Suppose now that you add a “marketing” data mart to help you analyze product promotions. Again, with conformed customer and time dimensions, you’re able to analyze the effects of a particular product promotion on sales. (Analyzing facts from more than one fact table in this way is termed “drilling across.” My previous article, “Thinking dimensionally aids business intelligence design and use,” explains the function of facts and dimensions.)

As this example shows, the very same conformed dimensions—in this case, time and customer dimensions—have meaning in the context of three independently developed data marts. These dimensions become enterprise property and can be used later in other marts as you evolve the enterprise data warehouse.

Semi Additive Facts
A semi additive fact is one where the measure can either have only a subset of aggregations applied to it, it you can count the measures but not sum them, or the measures are only additive over a subset of the dimensions.
Using our "daily_balances" fact above would be a good example of a semi additive fact. The daily balances can be aggregated by customer if the customer has multiple accounts to give the customers daily balance, however the balances could not be aggregated over time as adding last week’s balance onto this week’s balance would result in a nonsensical figure.
Non Additive Facts
A non-additive fact is one where the measure is non agreeable over any dimensions. These are commonly where percentages have been calculated and stored in the fact. Another example could be a profit margin on a sale, there is this figure other than at an individual sale level.
Additive Facts

A fully additive fact is one where the measures can be aggregated. 
For example, our Sales fact above would be fully additive as you can aggregate the sales amount over time, by product, by region or by salesman and still get the correct answer.

Transaction Grain
This is the most common type of fact. You would declare the grain of the fact, ie the level of detail and then this is what would be stored. For example, you may have a sales order fact, every time a new sales order a new row would be created in the fact table. alternatively, you may have a "monthly_sales" fact. At the end of every month you would aggregate up all the sales that happened in that month and record the single total value.

Snapshot Facts
The snapshot fact contains a reflection of the state of an entity at a given point in time. A classic example of this would be a "daily_balance" fact in a banking system. This would, on a daily basis record the balance of each account, it would NOT list the individual transactions that happened on the account.
Factless Facts

A Factless fact is where the fact does not store an actual numerical measure, the mere existence of a fact record indicates that an event has happened that you wish to track. The classic example of this would be an "Attendance" fact. If you had dimensions to record date, scheduled_course, instructor and delegate then you could create a fact table that held the permutations of these dimensions. From this you could evaluate the number of courses you run, the number of delegates, the number of courses by instructor etc.
I would never simply leave a Factless fact as a bare collection of foreign key columns I would always add a dummy measure column which would be set to 1 which you would then sum.

Accumulating Fact Table
An accumulating fact table is where all of the dimensional attributes are not available at the time of creation and the dimensions that are linked to a fact table change over time. The most common implementation of this is in the recording of dates against facts. 
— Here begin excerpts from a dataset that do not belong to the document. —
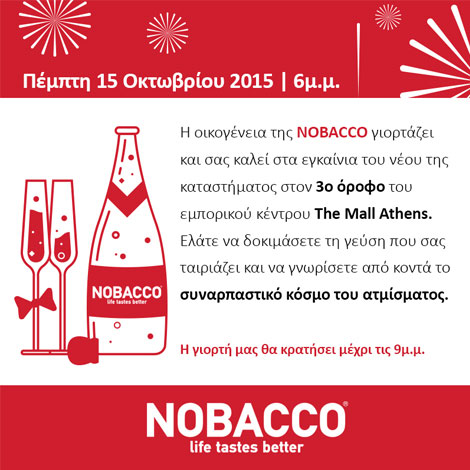 Τα εγκαίνια για το νέο κατάστημα στο Mall στο Μαρούσι, κάνει η NOBACCO, η μεγαλύτερη εταιρεία ηλεκτρονικού τσιγάρου, στην Ελλάδα. Την Πέμπτη 15 Οκτωβρίου στις 6μμ, ατμιστές από όλη την Αθήνα θα έχουν την ευκαιρία να πάρουν μέρος σε μία ιδιαίτερη γιορτή, και να απολαύσουν τα μοναδικά αρώματα και τις γεύσεις NOBACCO.
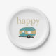 Happy Camper Personality Teal Gold Travel Trailer Paper Plate
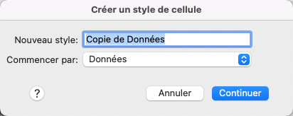 Indique le nom du nouveau style de cellule et spécifie le style de tableau existant sur lequel sera basé le nouveau style de cellule.

Take a "Sales" fact, typical dates you may be intersted in when tracking an individual sale is maybe, order_date, ship_date, delivery_date and payment_date. These would not all be available when the fact is first created. Over time the fact record would accumulatemore relationships with the dimensions as the relevant date milestones were passed for the sale.

The differences between a logical data model and physical data model



Logical vs Physical Data Modeling

Logical Data Model
Physical Data Model
Represents business information and defines business rules
Represents the physical implementation of the model in a database.
Entity
Table
Attribute
Column
Primary Key
Primary Key Constraint
Alternate Key
Unique Constraint or Unique Index
Inversion Key Entry
Non Unique Index
Rule
Check Constraint, Default Value
Relationship
Foreign Key
Definition
Comment

Physical Data Modeling

Features of physical data model include:
·         Specification all tables and columns.
·         Foreign keys are used to identify relationships between tables.
·         Demoralization may occur based on user requirements.
·         Physical considerations may cause the physical data model to be quite different from the logical data model.
At this level, the data modeler will specify how the logical data model will be realized in the database schema.
The steps for physical data model design are as follows:
1.        Convert entities into tables.
2.        Convert relationships into foreign keys.
3.        Convert attributes into columns.
4.        Modeling is an efficient and effective way to represent the organization’s needs; It provides information in a graphical way to the members of an organization to understand and communicate the business rules and processes. Business Modeling and Data Modeling are the two important types of modeling.

Logical Data Model
Features of logical data model include:
·         Includes all entities and relationships among them.
·         All attributes for each entity are specified.
·         The primary key for each entity specified.
·         Foreign keys (keys identifying the relationship between different entities) are specified.
·         Normalization occurs at this level.
At this level, the data modeler attempts to describe the data in as much detail as possible, without regard to how they will be physically implemented in the database.
In data warehousing, it is common for the conceptual data model and the logical data model to be combined into a single step (deliverable).
The steps for designing the logical data model are as follows:
1.        Identify all entities.
2.        Specify primary keys for all entities.
3.        Find the relationships between different entities.
4.        Find all attributes for each entity.
5.        Resolve many-to-many relationships.
6.        Normalization. 

Conceptual Data Model

Features of conceptual data model include:
·         Includes the important entities and the relationships among them.
·         No attribute is specified.
·         No primary key is specified.
At this level, the data modeler attempts to identify the highest-level relationships among the different entities. 
What is Data modeling?
There are three levels of data modeling. They are conceptual, logical, and physical. This section will explain the difference among the three, the order with which each one is created, and how to go from one level to the other.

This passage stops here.